Pharmacists are integral members of healthcare teams in community health centers and hospital outpatient departments. They are often the first line of defense for preventing hospital readmissions and improving medication adherence. In 2017, Adirondack Medical Center began a new clinical service, a pharmacist-led collaborative drug therapy management program to expand into the ambulatory care area.
The collaborative drug therapy management extension for pharmacists’ licensure in New York state has allowed for clinical pharmacy services to be conducted in accordance with a written agreement from a voluntarily participating physician. Adirondack Medical Center’s program focuses on anticoagulation therapy and chronic care management. The physicians and pharmacists work closely together to achieve better results from patients’ drug therapies, improving their overall health. The hospital noted the importance of having a business plan to guide processes in a new service; however, flexibility is also essential as operational models change unexpectedly.
For the anticoagulation management service, the time in therapeutic international normalized ratio range increased by 18% in the 12 months post-initiation, compared to 12 months baseline data prior to the service.
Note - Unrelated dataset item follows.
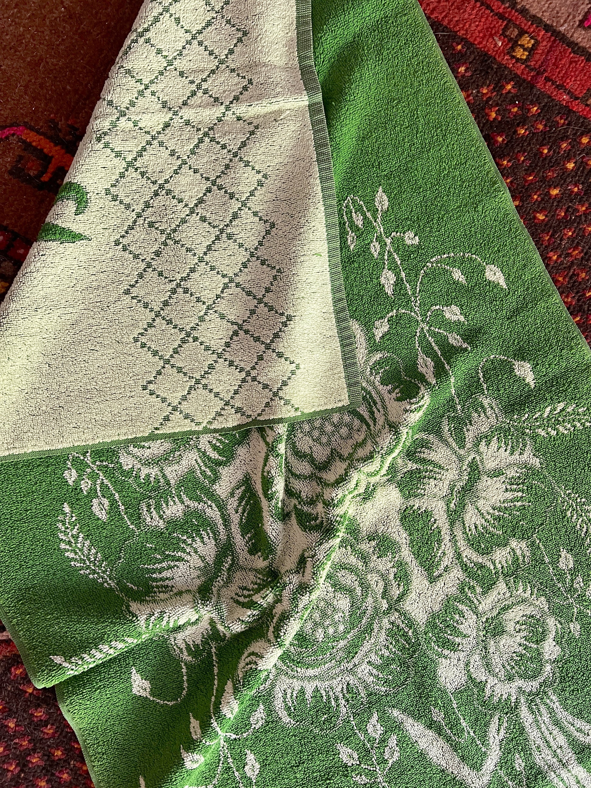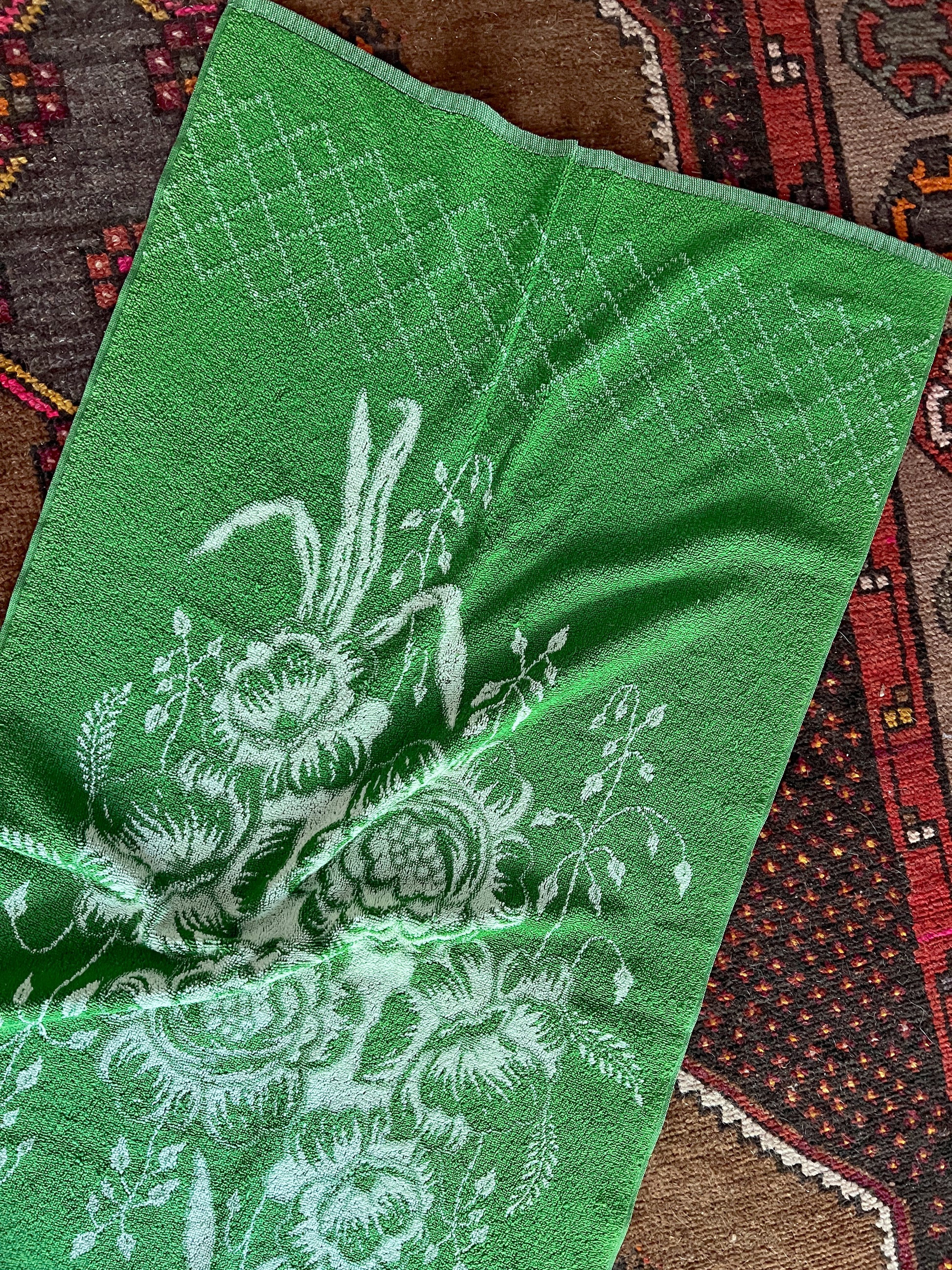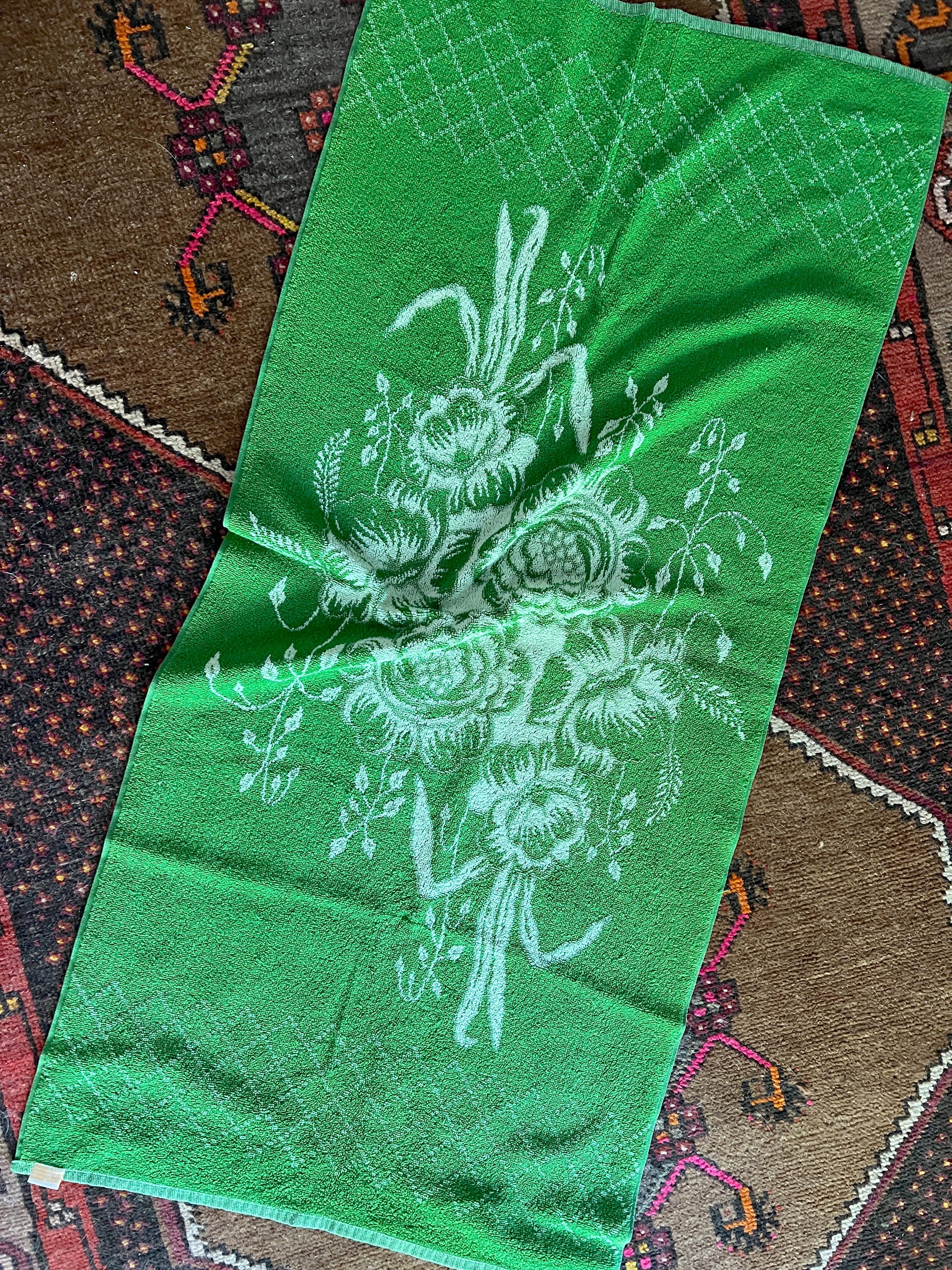 Step back in time with this charming vintage 60s green floral towel. Featuring a delicate botanical print that captures the essence of retro style, this piece brings warmth and character to any bathroom or bedroom. Soft and absorbent, it's perfect for adding a touch of groovy nostalgia to your daily routine. A true treasure for vintage lovers and anyone seeking authentic mid-century home décor.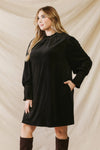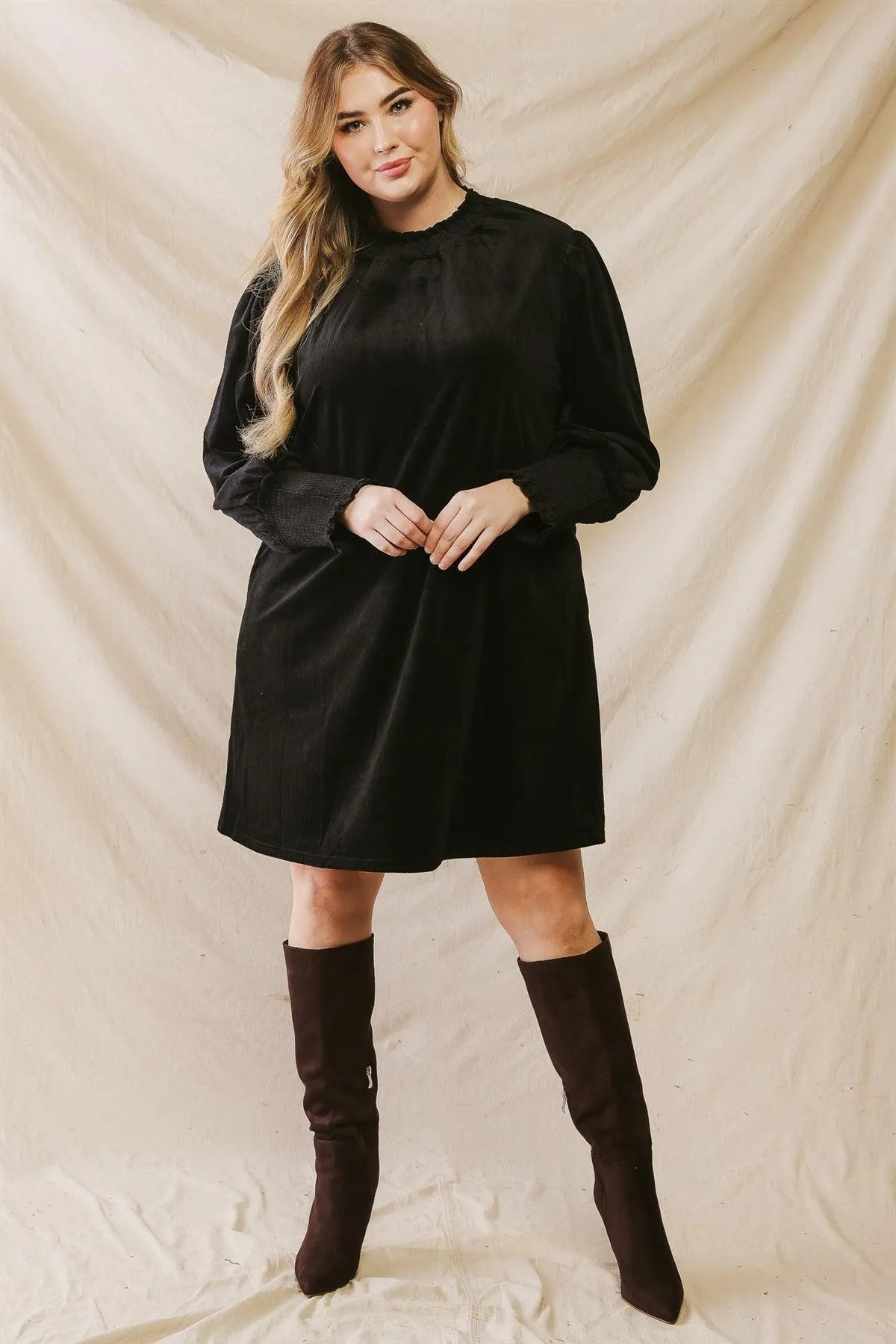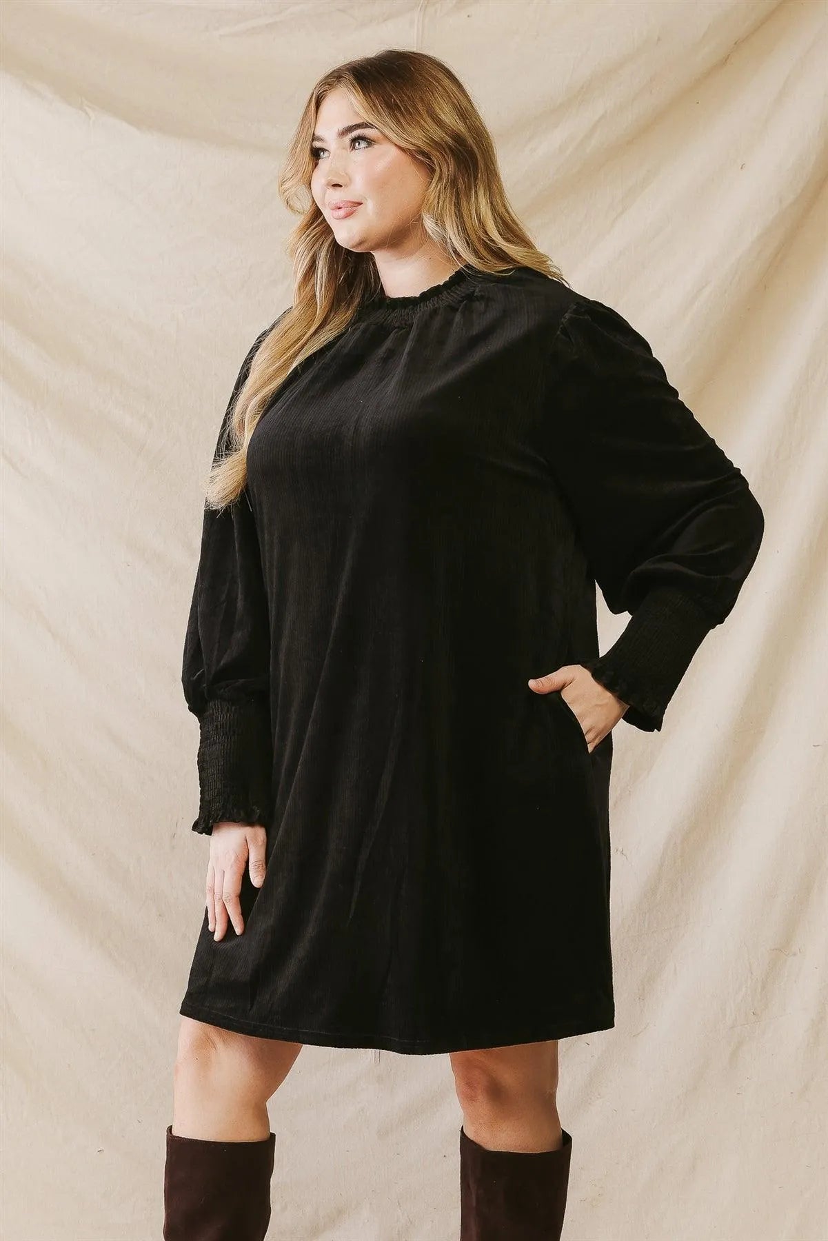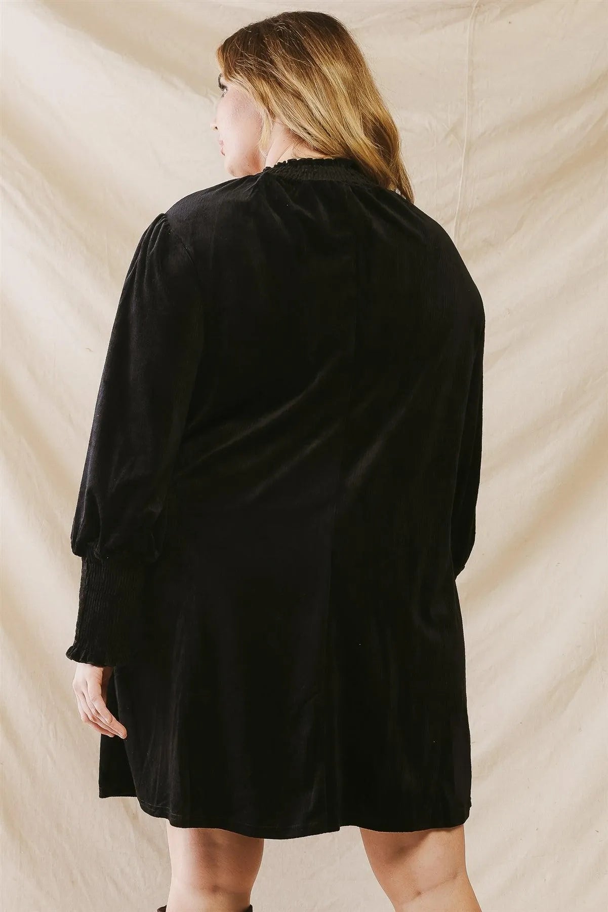 Junior Plus Black Ribbed Velvet Effect Long Sleeve Mini Dress /2-2-1

For the chronic care management service, the patients with diabetes seen by an ambulatory care pharmacist were found to have a 1.7% reduction in HbA1c with a baseline HbA1c greater than 9%. These are patients at risk for hyperglycemia, diabetic ketoacidosis and microvascular and macrovascular complications.
Indirect clinical and financial benefits include preventing hemorrhagic stroke, severe bleeding, thromboembolism, ischemic stroke, diabetes ketoacidosis and other complications related to diabetes as well as increased physician referrals and/or volume due to increased interaction with patients and pharmacists.